The reply should match the listing below character for character, except that no image is carried over.

Dataset extract:
────

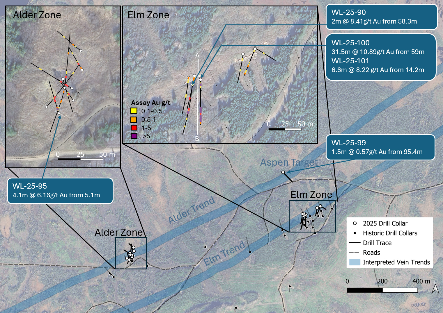 Hole WL-25-99 tested a new geophysical IP target area interpreted to be the potential northeast extension of the Alder Zone named the Aspen Target. This hole intersected vein material and associated hydrothermal alteration consistent with that observed at the established Elm and Alder Zones, further supporting the interpretation that alteration halos may extend beyond currently defined gold intercepts. Initial results reported anomalous gold grades up to 0.57 g/t Au and represent a successful first test of Aspen.
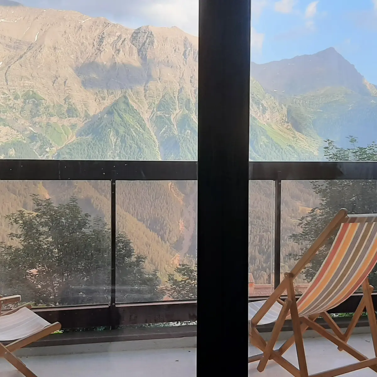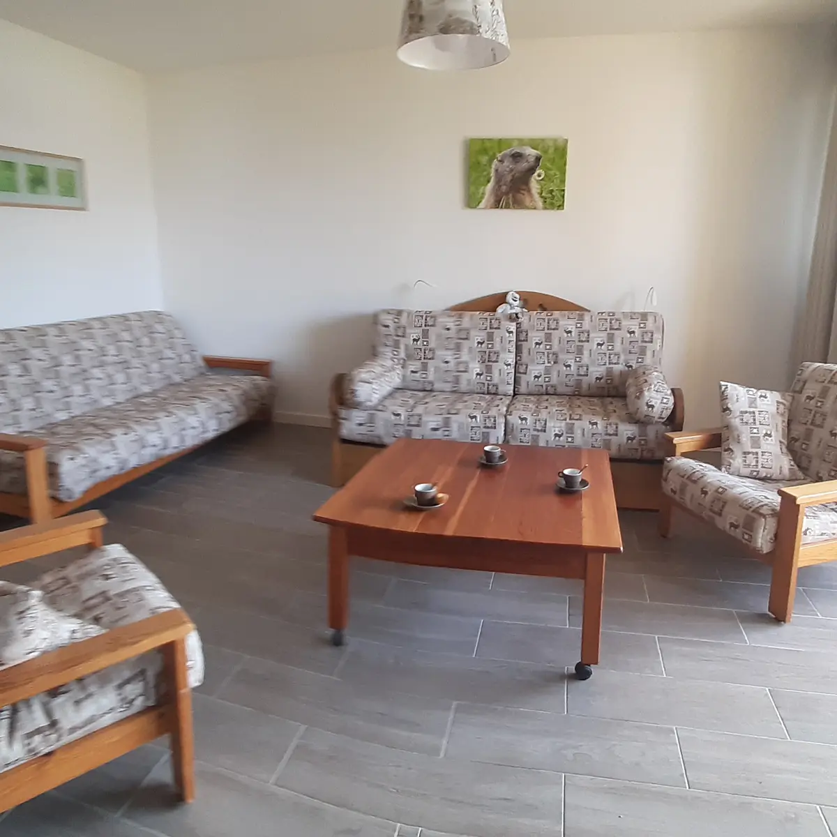 Le salon chambre peut accueillir 4 personnes , avec un canapé convertible "rapido" de 140 x 190, d'un canapé clic clac, d'une télévision , radio réveil et d'un balcon avec une vue sur la montagne et volet roulant électrique.
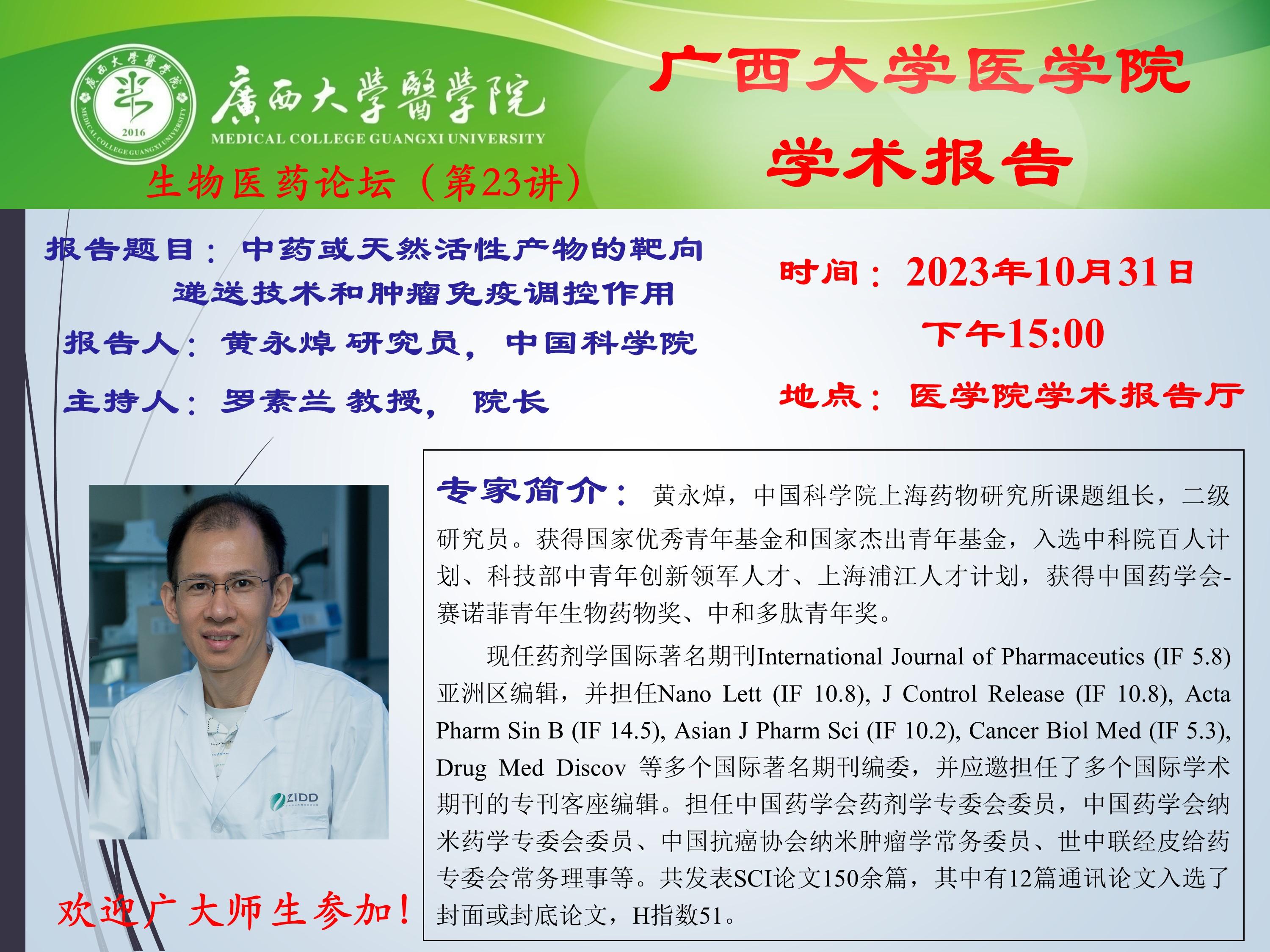 太阳成集团tyc122cc生物医药论坛(第23讲):中药或天然活性产物的靶向递送技术和肿瘤免疫调控作用
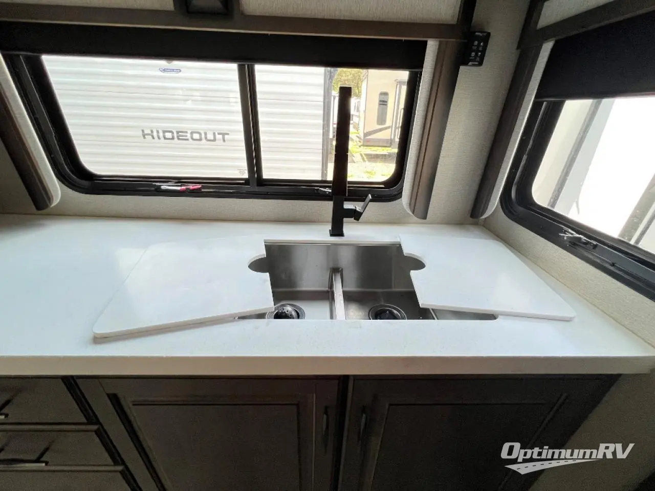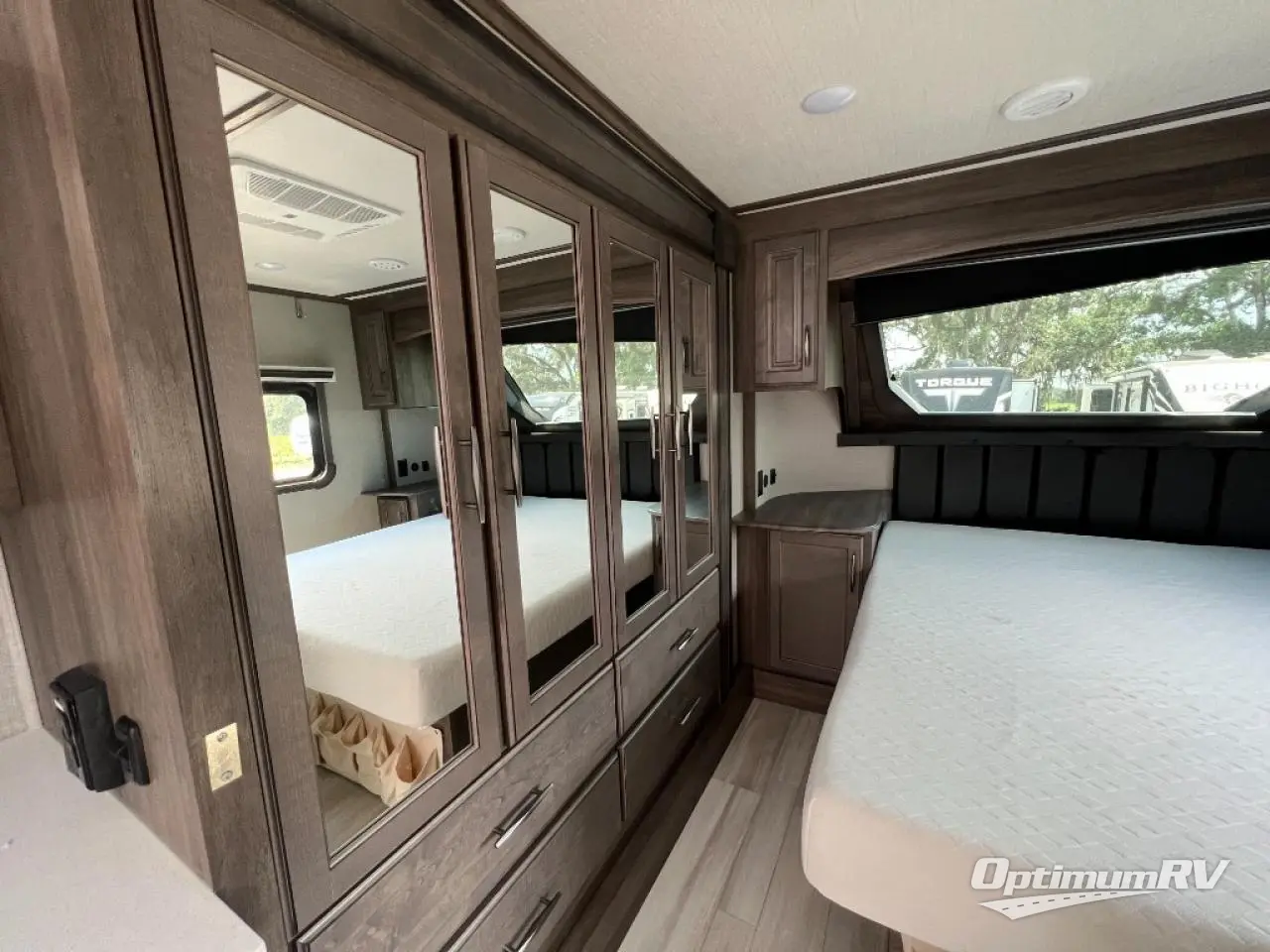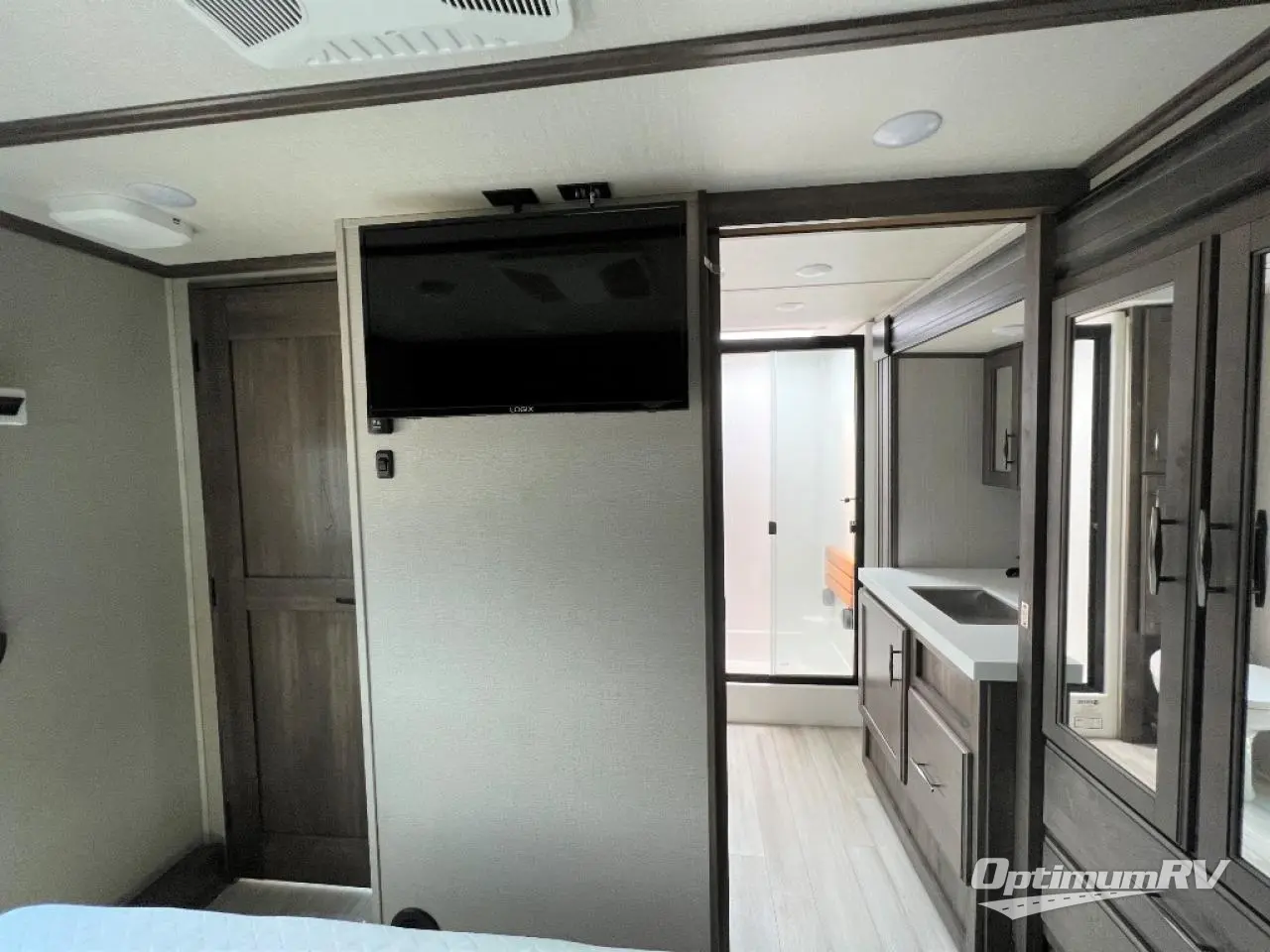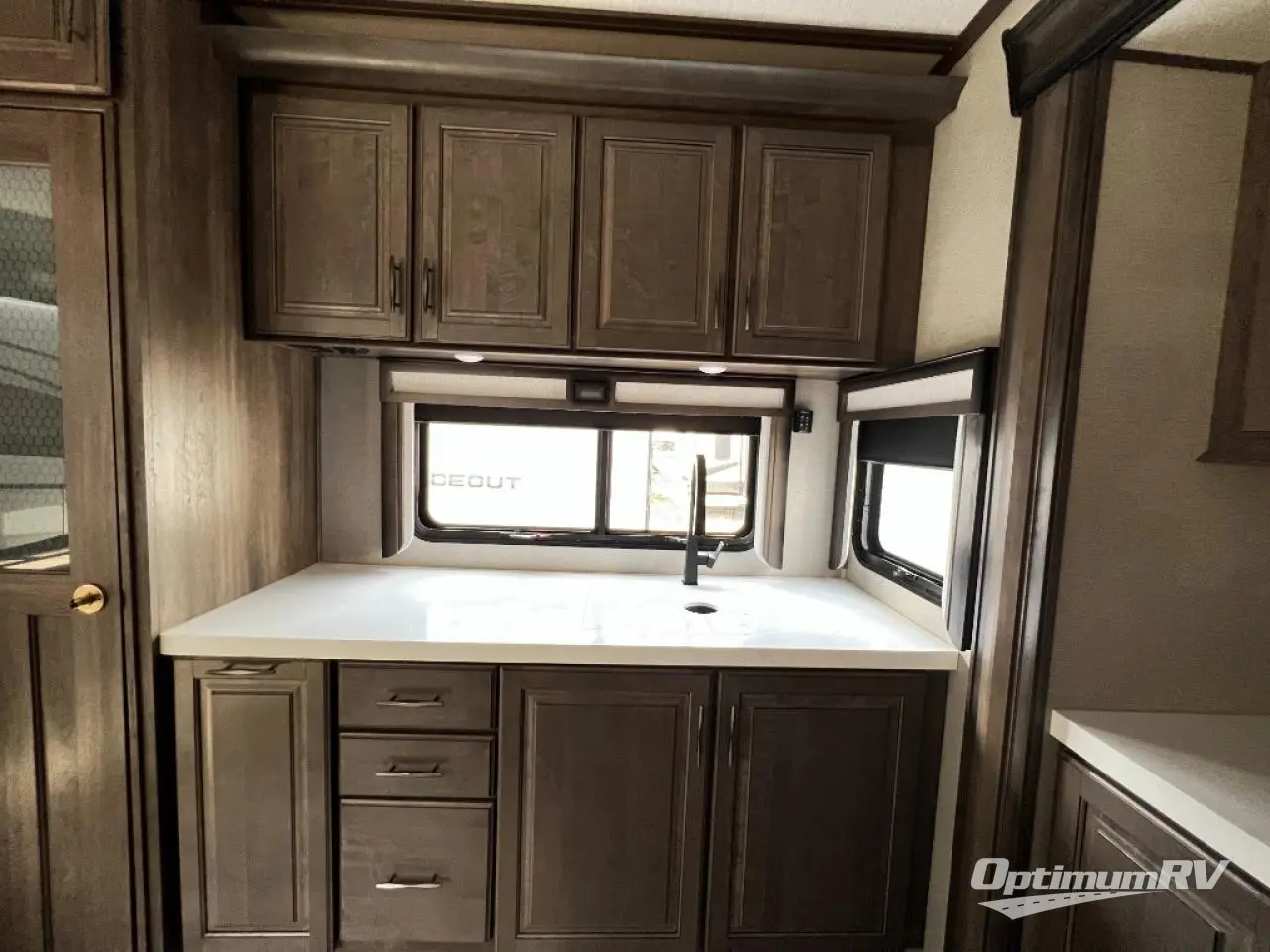 This fifth wheel offers a rear kitchen for the chef in the family to enjoy cooking while away from home! There is extra counter space along the rear wall and an oversized pantry to hold lots of goodies, plus one of the slides in this main living and kitchen area offers a professional-grade stainless steel cooktop with built-in oven, a microwave, a stainless steel residential refrigerator and a center island with a space to add a dishwasher option. The hutch/buffet give you even more counter and storage space, plus you might like to add a washer/dryer option to keep everything clean. The coat closet is near the entry for quick storage once inside, and the bathroom/bedroom slide provides more storage and the bath sink, plus more floor space in each room. You will sleep like a queen or choose the king option, and be able to watch the 32" LED TV before bedtime.

────

Output for this exercise:
 Hole WL-25-99 tested a new geophysical IP target area interpreted to be the potential northeast extension of the Alder Zone named the Aspen Target. This hole intersected vein material and associated hydrothermal alteration consistent with that observed at the established Elm and Alder Zones, further supporting the interpretation that alteration halos may extend beyond currently defined gold intercepts. Initial results reported anomalous gold grades up to 0.57 g/t Au and represent a successful first test of Aspen.
 Le salon chambre peut accueillir 4 personnes , avec un canapé convertible "rapido" de 140 x 190, d'un canapé clic clac, d'une télévision , radio réveil et d'un balcon avec une vue sur la montagne et volet roulant électrique.
 太阳成集团tyc122cc生物医药论坛(第23讲):中药或天然活性产物的靶向递送技术和肿瘤免疫调控作用
 This fifth wheel offers a rear kitchen for the chef in the family to enjoy cooking while away from home! There is extra counter space along the rear wall and an oversized pantry to hold lots of goodies, plus one of the slides in this main living and kitchen area offers a professional-grade stainless steel cooktop with built-in oven, a microwave, a stainless steel residential refrigerator and a center island with a space to add a dishwasher option. The hutch/buffet give you even more counter and storage space, plus you might like to add a washer/dryer option to keep everything clean. The coat closet is near the entry for quick storage once inside, and the bathroom/bedroom slide provides more storage and the bath sink, plus more floor space in each room. You will sleep like a queen or choose the king option, and be able to watch the 32" LED TV before bedtime.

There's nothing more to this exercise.